** Material provided follows **

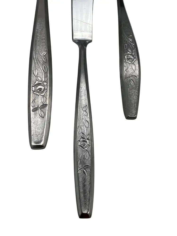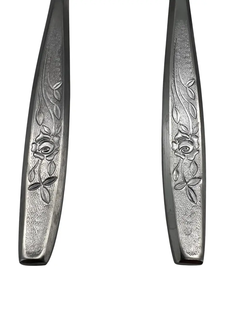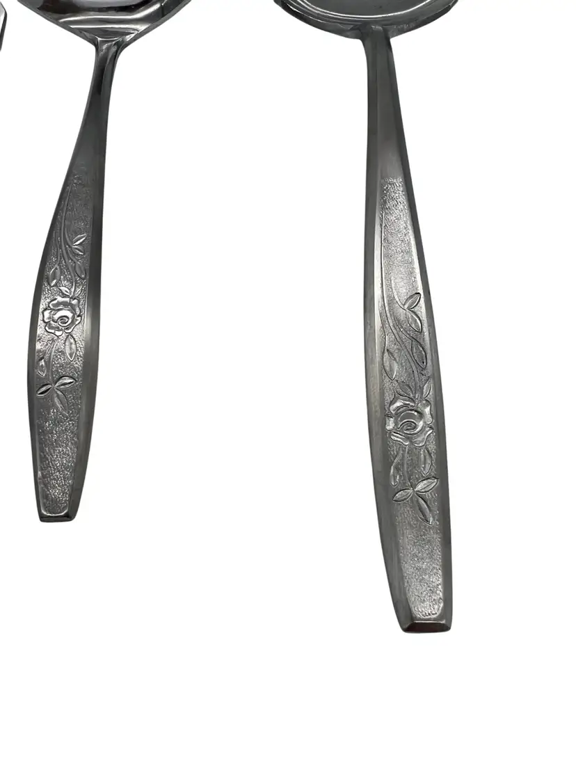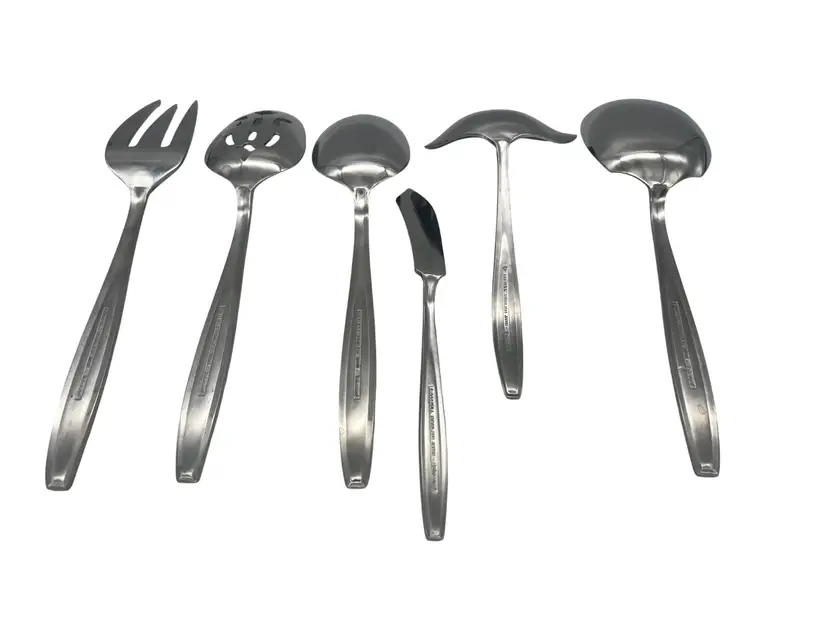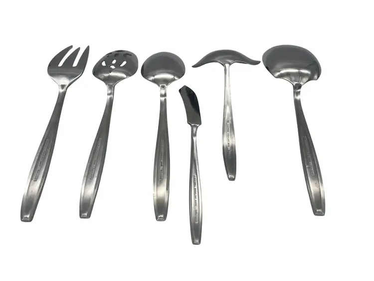 This vintage 6-piece serving set from Hull in the discontinued Viscount pattern has a charming floral design on the handles. Crafted of durable stainless steel, perfect for hosting dinners or adding a vintage touch to your dining table. The set includes essential serving utensils including cold meat fork, slotted spoon, serving spoon, master butter knife, gravy ladle, and a casserole spoon.
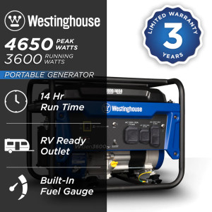 3-Year Warranty - All Westinghouse Portable Generators come with a 3-Year Residential Warranty and Lifetime Technical Support.
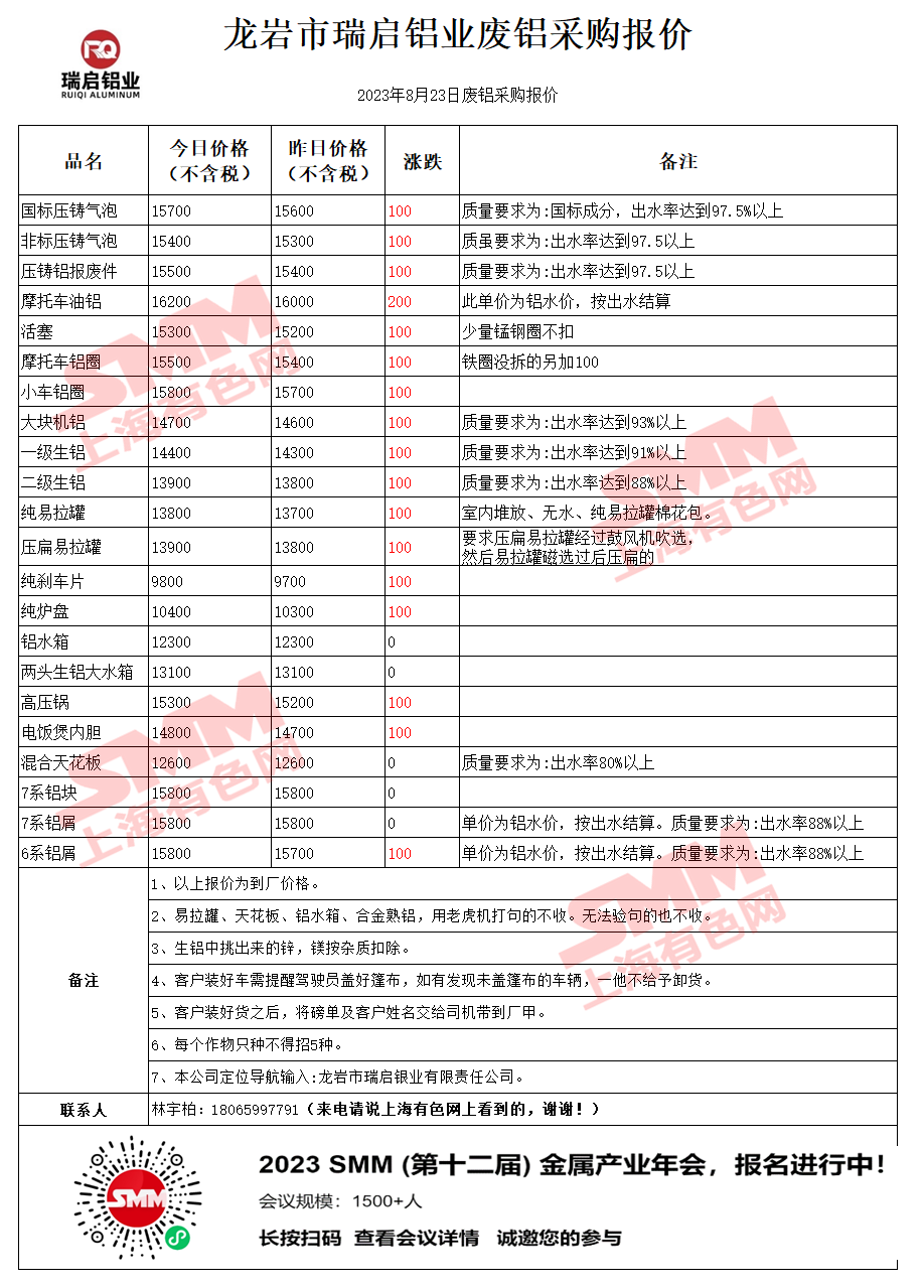今日龙岩瑞启 废铝采购报价已更新,有货的朋友欢迎联系我们!
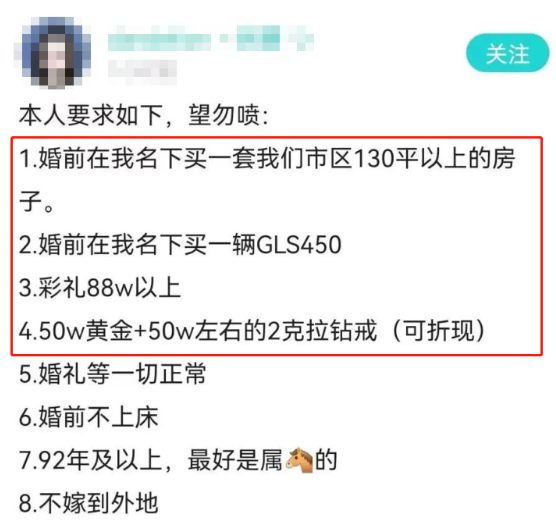 要车、要房、要彩礼、要钻戒,满打满算加起来就是500万上下。

** End of Material provided **

Your copy should run from the line that has "3-Year Warranty - All" through the last line above, exactly, with both ends in and pictures out.

## Output for this task
 3-Year Warranty - All Westinghouse Portable Generators come with a 3-Year Residential Warranty and Lifetime Technical Support.
今日龙岩瑞启 废铝采购报价已更新,有货的朋友欢迎联系我们!
 要车、要房、要彩礼、要钻戒,满打满算加起来就是500万上下。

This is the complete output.